Po tragedii w Zabierzowie prokuratura wszczęła śledztwo w sprawie nieumyślnego spowodowania śmierci czteroletniego chłopca, który podczas pobytu w przedszkolu w Zabierzowie wpadł do zbiornika z wodą. Pomimo reanimacji podjętej przez ratowników i strażaków dziecko zmarło. Strażacy opisali szczegóły akcji ratunkowej.
Do tragedii doszło w czwartek po południu. Służby ratownicze zostały poinformowane, że czterolatek wpadł do zbiornika, niegdyś używanego do gromadzenia wody lub nieczystości. Zbiornik był szeroki na ok. 6 metrów i o głęboki ok. 3 metrów.
Właz znajdował się na terenie placu zabaw. Miał wymiary ok. 40 cm na 40 cm, co dodatkowo utrudniało prowadzenie akcji ratowniczej.
Jak relacjonują strażacy w serwisie Kraków112 - Krakowskie Ratownictwo w Obiektywie, “całość nie była dobrze zabezpieczona, gdyż wejście do zbiornika było przykryte konstrukcją przypominającą komin, jednakże ze szczeliną, przez którą dziecko mogło się przecisnąć. Dopiero po jej zburzeniu, było możliwe dostanie się do środka przez ratowników”.
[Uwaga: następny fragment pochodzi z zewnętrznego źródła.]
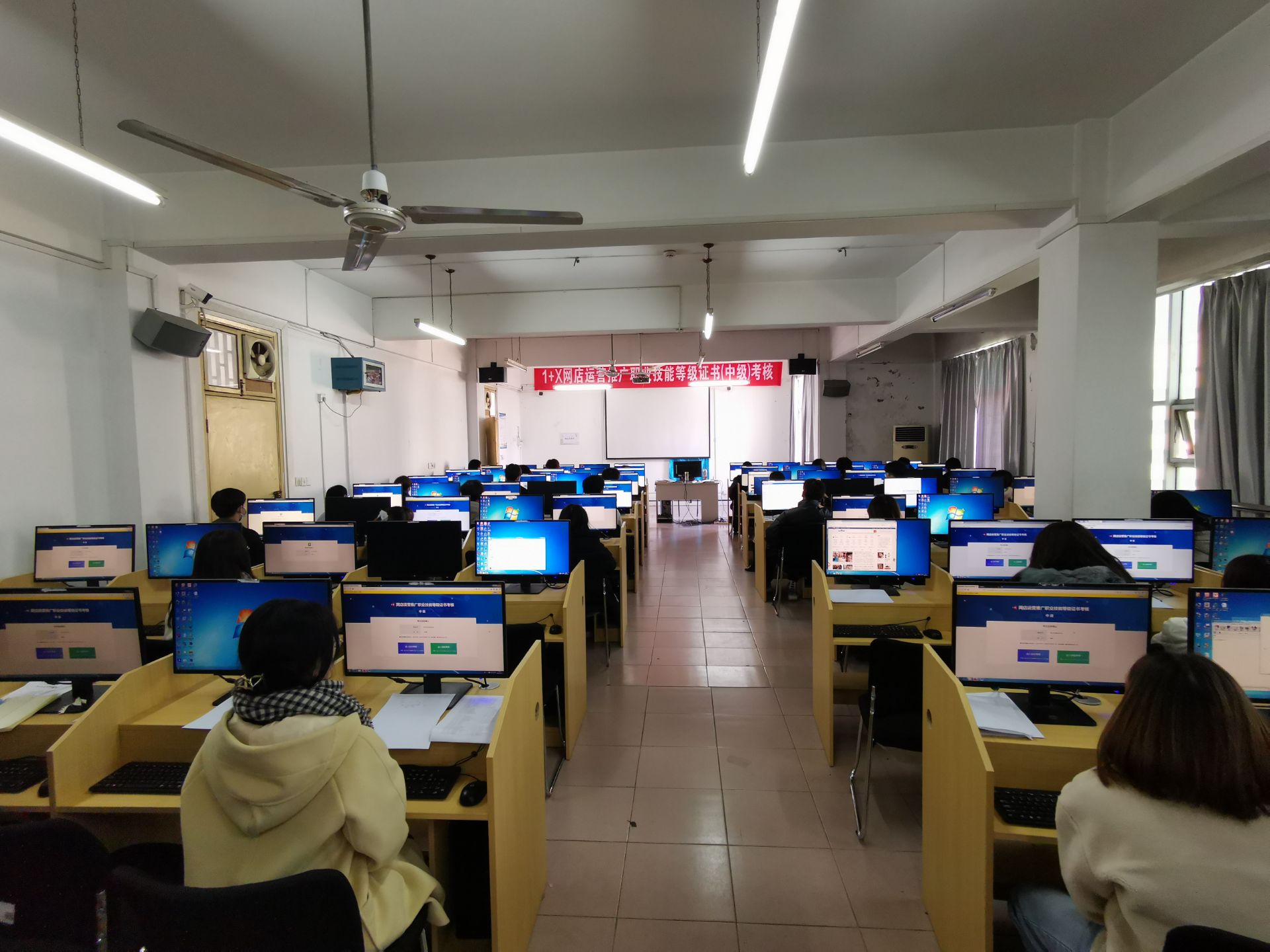 (商贸管理系)12月17日,2021年“1+X”网店运营推广技能等级证书在bat365南湖校区开考。此次考试由学院商贸管理系负责组织实施,北京鸿科经纬有限公司提供技术支持,本次考试一共有38名学生参考,考试采用机考形式进行,考场秩序井然有序,全程录像监控。

Jeden ze strażaków został opuszczony na linach do wnętrza zbiornika, gdzie po kilku próbach zanurkowania, odnalazł chłopca.
Reklama
Po wyciągnięciu dziecka stwierdzono u niego nagłe zatrzymanie krążenia. Mimo trwającej godzinę reanimacji, chłopca nie udało się uratować.
Do tragedii doszło na terenie należącym do pobliskiej stadniny koni dzierżawionym przez przedszkole. Przed rokiem wybudowano tam plac zabaw.